Republican Rep. Jim Jordan again failed to win the House speaker’s gavel in a second vote on Wednesday, faring worse than he did during the first round of voting one day earlier. The loss raises serious questions over whether the Ohio Republican has a viable path forward as he confronts steep opposition and the House remains in a state of paralysis.

Despite the defeat, Jordan has vowed to stay in the race. The House is expected to hold a third speaker vote on Thursday at noon ET. Without a speaker, the chamber is effectively frozen, a precarious position that comes amid conflict abroad and a potential government shutdown next month.

The conservative Republican’s struggle to gain traction has also highlighted the limits of Donald Trump’s influence in the speaker’s race after the former president endorsed Jordan.
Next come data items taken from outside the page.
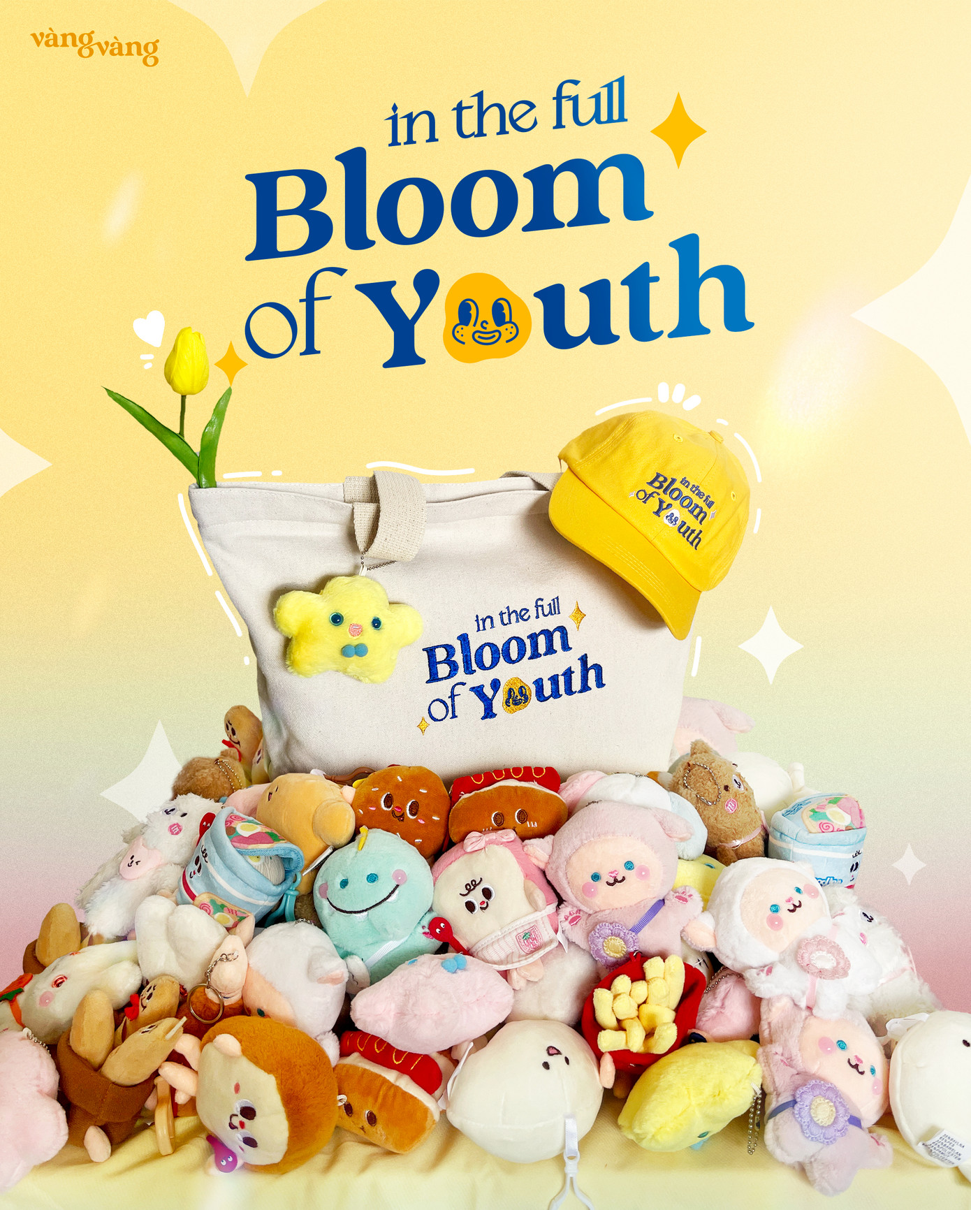 Hiện tại, nhà Vàng Vàng đang có bộ sưu tập mới là Blomm of Youth, bao gồm các sản phẩm như túi tote khổng lồ, móc khóa gấu bông... Đây là những item để bạn có thể dùng cho đi học, đi chơi, tặng “cạ cứng” hay crush của mình đó!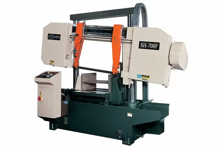 Semi-Automatic Canted Frame Straight Cutting Saws, these straight cutting band saws adopt the canted frame design available from 0° to 7.5° or 10°, which is particularly useful when cutting structural material giving you better cutting efficiency and blade life. The dual column, cross link and saw frame hydraulic cylinders as a group form a very rigid structure maximizing your productivity particularly in pack cutting.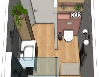 Sol imitation bois (spécial pièces humides) et meubles en bois pour réchauffer l’atmosphère.
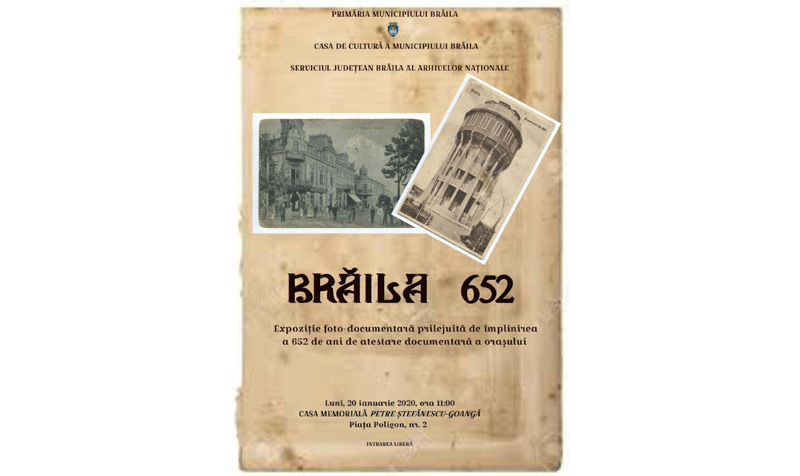 Casa de Cultură a municipiului Brăila, cu sprijinul Serviciului Judeţean Brăila al Arhivelor Naţionale, vernisează, luni, 20 ianuarie 2020, ora 12.00, la Casa Memorială “Petre Ştefănescu Goangă”, o expoziţie fotodocumentară realizată cu prilejul împlinirii a 652 de ani de atestare documentară a municipiului Brăila.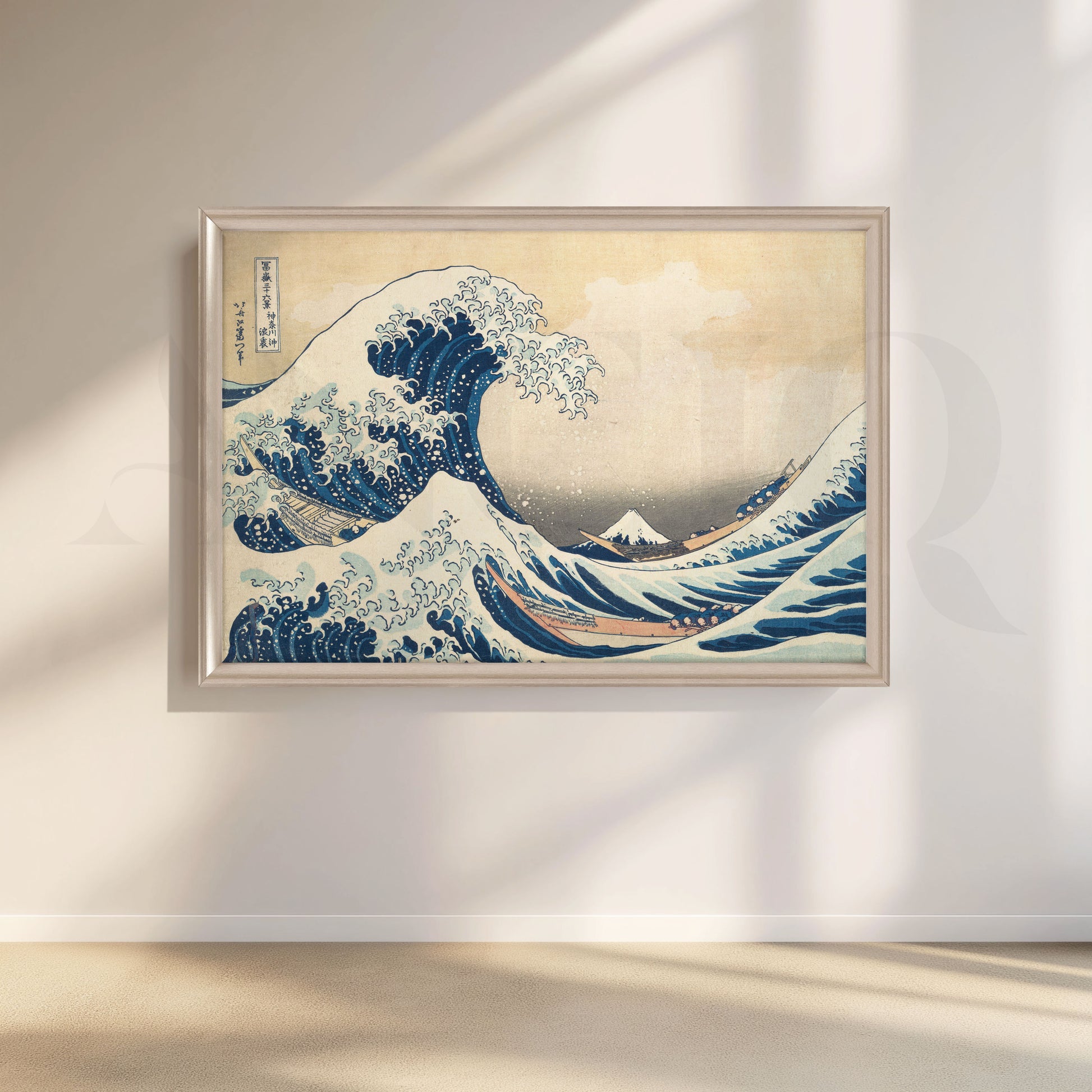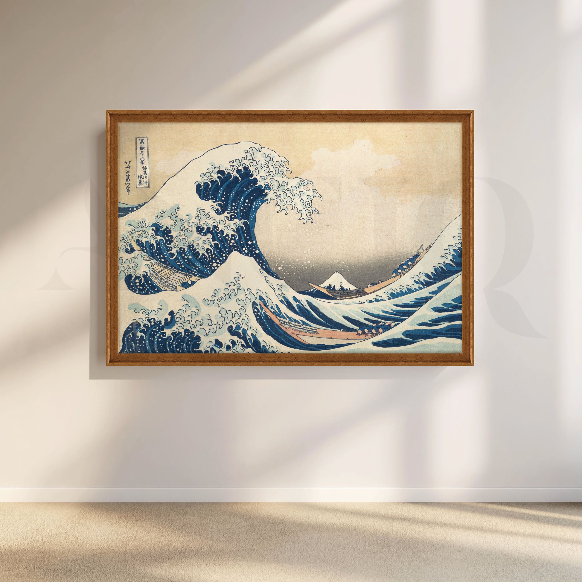 Hokusai’s iconic Great Wave—cresting indigo blues, crisp foam, and distant Mt. Fuji—arrives as premium canvas wall art that energizes any space. The bold blue-and-cream palette suits coastal, modern, and Japandi interiors, making an instant focal point above the sofa, mantel, or media console. Perfect for buyers searching modern wall art, Japanese canvas prints, large living room art, or coastal décor; this classic woodblock masterpiece adds movement, culture, and timeless style to your home.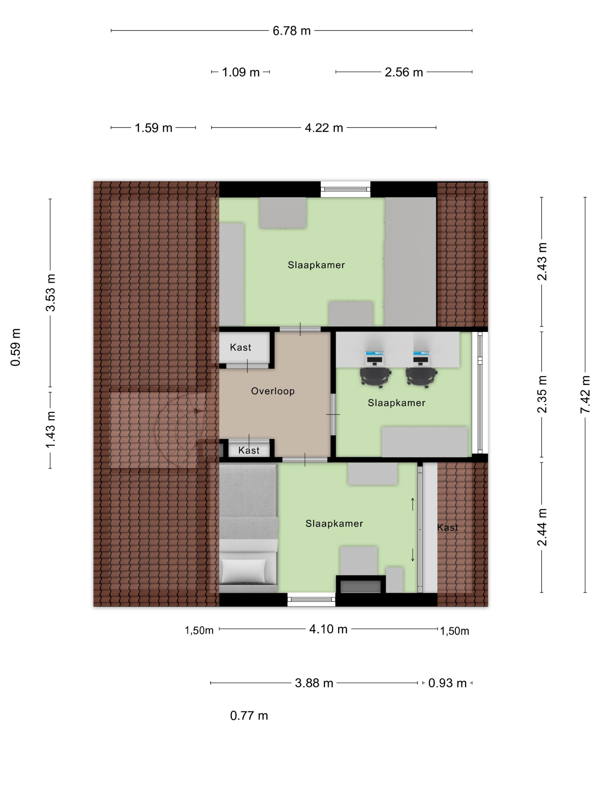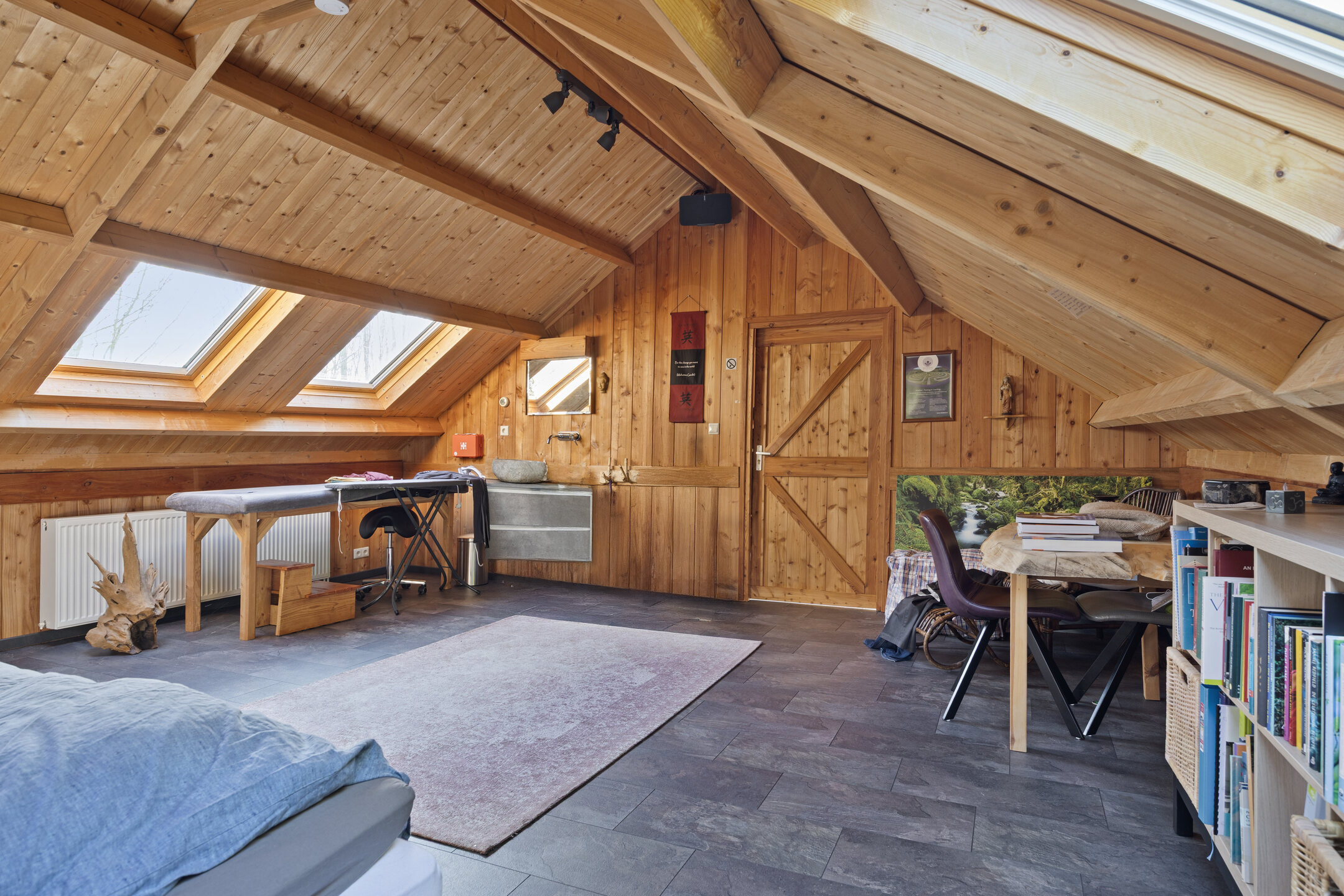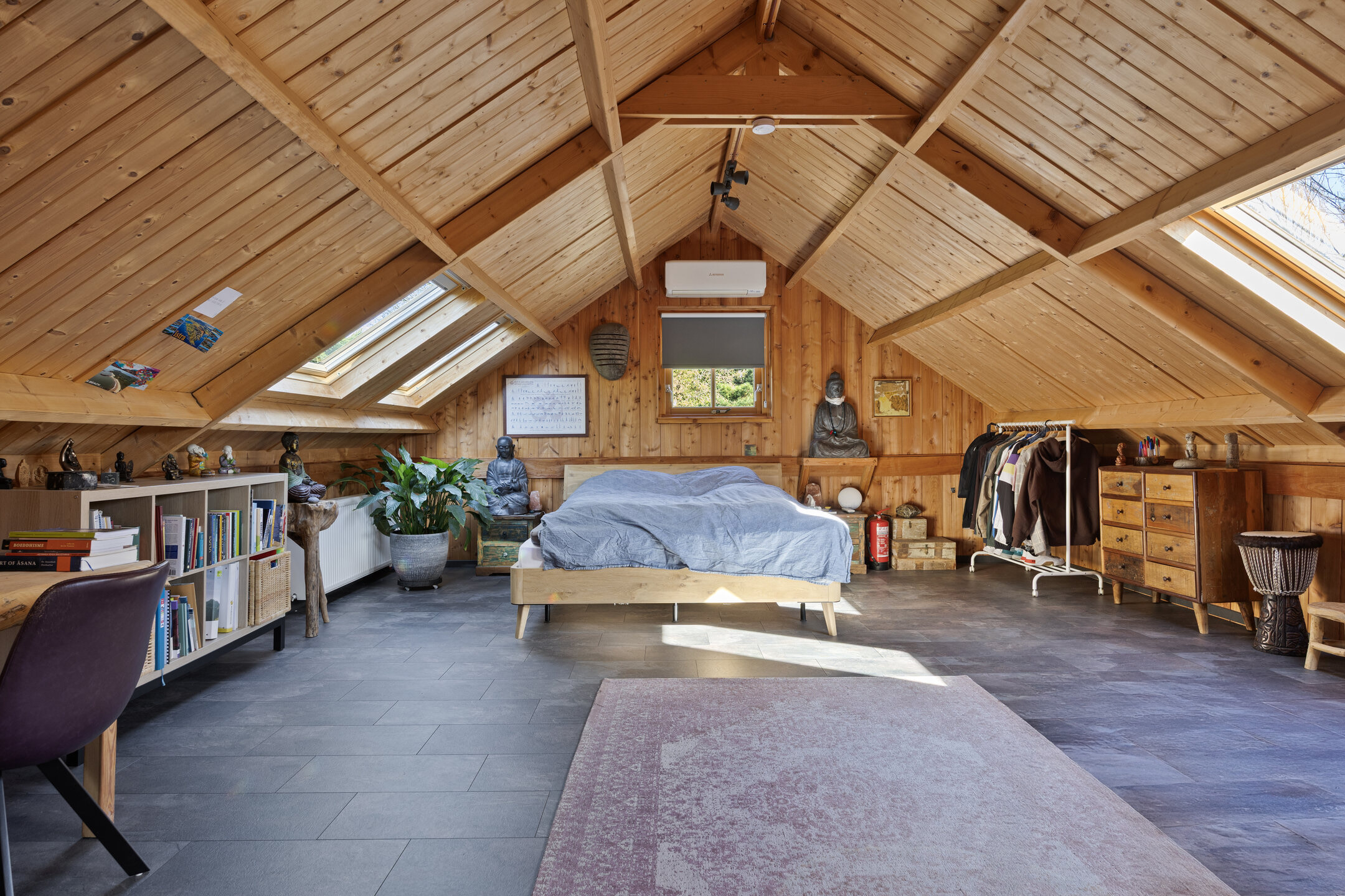 multifunctional open space with sound-reducing subfloor, 4 roof windows, air conditioning, vanity unit, independent thermostat and possibilities for one or more (bed)rooms.

As pressure grows on Republicans to find a way out of the leadership crisis, some are pushing to expand the powers of the interim speaker, GOP Rep. Patrick McHenry of North Carolina, though such a move would not be without controversy and has divided Republicans.

During the first round of voting on Tuesday, 20 House Republicans voted against Jordan. On Wednesday, that number rose to 22, showing that the opposition against the candidate has grown. There were four new Republican votes against Jordan and two that flipped into his column. Given the narrow House GOP majority, Jordan can only afford to lose a handful of votes and the high number of votes against him puts the gavel far out of reach.

Following his second defeat on the floor, Jordan indicated that he is dug in on pressing ahead.

“We don’t know when we’re going to have the next vote but we want to continue our conversations with our colleagues,” he said.

“We’ll keep talking to members and keep working on it,” he added.

Jordan is a polarizing figure in the speaker’s fight, a complicating factor in his effort to lock down votes. He is a staunch ally of Trump, has a longstanding reputation as a conservative agitator and helped found the hardline House Freedom Caucus. As the chairman of the powerful House Judiciary Committee, he has also been a key figure in House GOP-led investigations.

It took former Speaker Kevin McCarthy 15 rounds of voting in January to secure the gavel. But Jordan faces an uphill climb amid the deep divisions within the House GOP conference and the resistance he faces.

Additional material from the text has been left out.